Wednesday, September 17, 2008

In Response To Worsening Credit Predicament, The Federal Reserve Stays One Course, Changes Another

Fed Holds Rates Amid Turmoil, Financial Times
Fed in $85 Billion Rescue of Insurer Near Failure, New York Times
Stocks Dive in Early Trading Despite Fed’s A.I.G. Bailout, New York Times

The Federal Reserve made two major announcements on Tuesday.

The first of these announcements was that the Federal Reserve would not lower the benchmark interest rate, which has held steady at 2% for some time as part of the Federal Reserve's efforts to battle inflation.
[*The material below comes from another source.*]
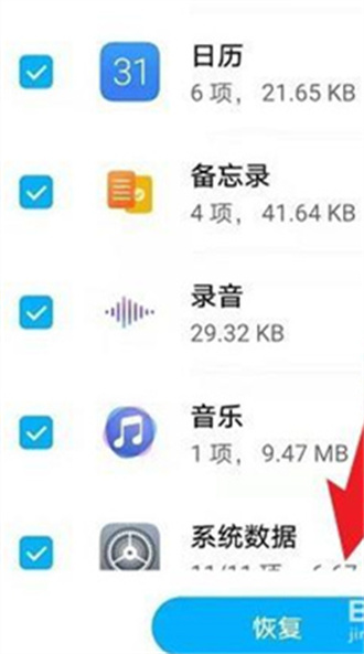 4、然后会进入一个新的页面,在新页面里选择自己想要的恢复数据,点击最下面的【恢复】即可。

While, early in the day on Tuesday, U.S. investors had seemed hopeful that the Federal Reserve would choose to lower interest rates, the decision to leave the rates as they were was seen by many as an indication that a Federal bailout of insurance giant AIG was forthcoming.

Indeed, later in the day Tuesday the Federal Reserve and the U.S. Treasury Department announced a massive, $85 billion bailout of AIG. This investment in the failing AIG by the federal government, aimed at preventing a worldwide financial panic, was not only an unprecedented move, it also directly contradicted the Federal Reserve's earlier "line in the sand" proclamation that that accompanied its refusal to bail out Lehman Brothers.

While the Federal Reserve, the Treasury Department, and much of the U.S. and worldwide financial community felt that the AIG bailout was necessary, it has not come without controversy. Many American politicians have called the bail out excessive and have heightened their calls for an aggressive investigation into the regulatory failures which may have contributed to the development of the worsening financial crisis, both in the United States and throughout the global marketplace.

1. Was the Federal Reserve correct in leaving the interest rates unchanged? Should the fight against inflation take priority over the need for greater liquidity in the marketplace?
2. Is the government bailout of AIG appropriate? What, if any, alternatives did the U.S. government have to a bailout of this scale? What would have been the consequences of the collapse of AIG?